Given material:
══════════════════════════════
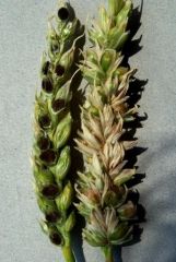 発生記録のほとんどなかった本病が、平成25 年には3 振興局内の複数地域で確認され、中には激発事例も含まれた。本病の罹病株は稈長がやや短くなるが、軽微な場合は識別が困難である。暗緑色を帯びる病穂(写真右)の内部は茶褐色の粉状物(厚膜胞子、写真左:切開して内部を露出)が充満するが、外皮は破れにくく、裸黒穂病のような胞子の露出、飛散はない。病穂は生臭い悪臭を放ち、発生すると減収のみならず異臭による品質低下を招く。さらに、汚染された生産物が乾燥調製施設に混入すると、施設全体の生産物が汚染されるため被害は大きくなる。発生ほ場産の汚染種子は翌年の発病につながるので、本病対策として、健全種子の生産と使用は最も重要である。
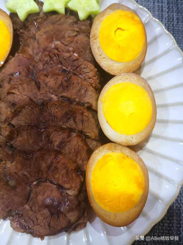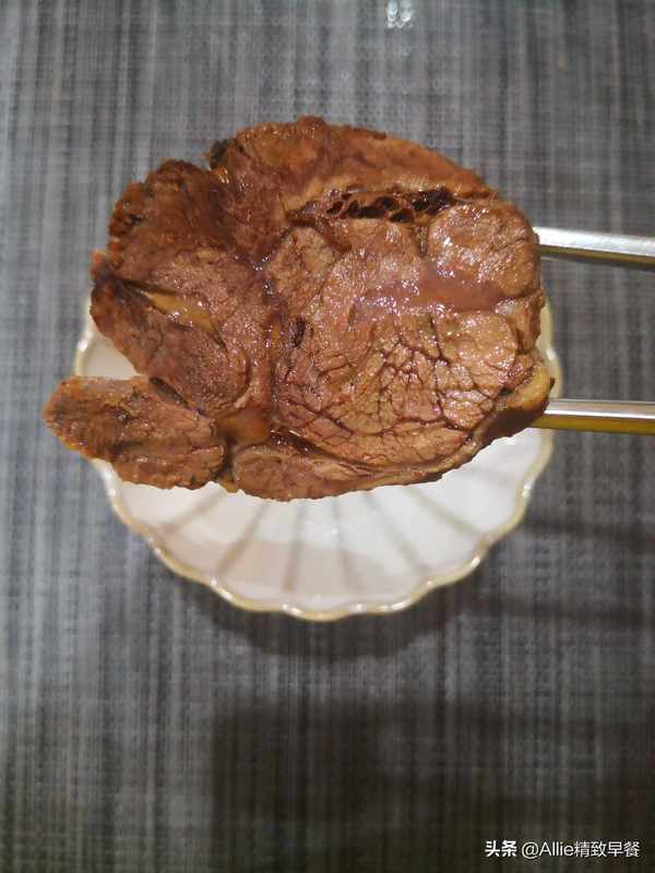 这是我提前做好的五香牛筋,加了几个鸡蛋腌制而成,营养丰富,味道也更好。腌牛肉和鸡蛋在肉汤中浸泡一夜,以获得更好的风味。
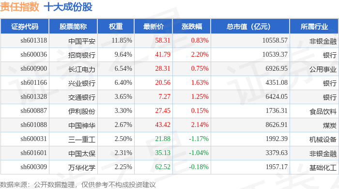 证券之星消息,11月3日,责任指数(000048)报收于1446.16点,涨0.41%,成交730.57亿元,换手率0.79%。当日该指数成份股中,上涨的有54家,上海建工以6.38%的涨幅领涨,下跌的有42家,思维列控以9.87%的跌幅领跌。
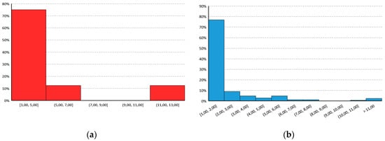 Figure 19 shows both histograms for the hot spots and burn marks (a) and for the snail tracks (b) found in the power plant. Both histograms are expressed in relative terms for the modules affected by the considered fault. PV modules affected by hot spots and burn marks, near 80%, show between three and five faults simultaneously. The other 20% of damaged modules have a greater number of faults with a maximum record of 13 hot spots on a single module. On the other hand, Figure 18b shows that 80% of the PV modules affected by the snail track fault have no more than two faults. Less than 1% of the PV modules damaged this way show more than 11 faults.
══════════════════════════════
Give the data again exactly, without pictures.

 発生記録のほとんどなかった本病が、平成25 年には3 振興局内の複数地域で確認され、中には激発事例も含まれた。本病の罹病株は稈長がやや短くなるが、軽微な場合は識別が困難である。暗緑色を帯びる病穂(写真右)の内部は茶褐色の粉状物(厚膜胞子、写真左:切開して内部を露出)が充満するが、外皮は破れにくく、裸黒穂病のような胞子の露出、飛散はない。病穂は生臭い悪臭を放ち、発生すると減収のみならず異臭による品質低下を招く。さらに、汚染された生産物が乾燥調製施設に混入すると、施設全体の生産物が汚染されるため被害は大きくなる。発生ほ場産の汚染種子は翌年の発病につながるので、本病対策として、健全種子の生産と使用は最も重要である。
 这是我提前做好的五香牛筋,加了几个鸡蛋腌制而成,营养丰富,味道也更好。腌牛肉和鸡蛋在肉汤中浸泡一夜,以获得更好的风味。
 证券之星消息,11月3日,责任指数(000048)报收于1446.16点,涨0.41%,成交730.57亿元,换手率0.79%。当日该指数成份股中,上涨的有54家,上海建工以6.38%的涨幅领涨,下跌的有42家,思维列控以9.87%的跌幅领跌。
 Figure 19 shows both histograms for the hot spots and burn marks (a) and for the snail tracks (b) found in the power plant. Both histograms are expressed in relative terms for the modules affected by the considered fault. PV modules affected by hot spots and burn marks, near 80%, show between three and five faults simultaneously. The other 20% of damaged modules have a greater number of faults with a maximum record of 13 hot spots on a single module. On the other hand, Figure 18b shows that 80% of the PV modules affected by the snail track fault have no more than two faults. Less than 1% of the PV modules damaged this way show more than 11 faults.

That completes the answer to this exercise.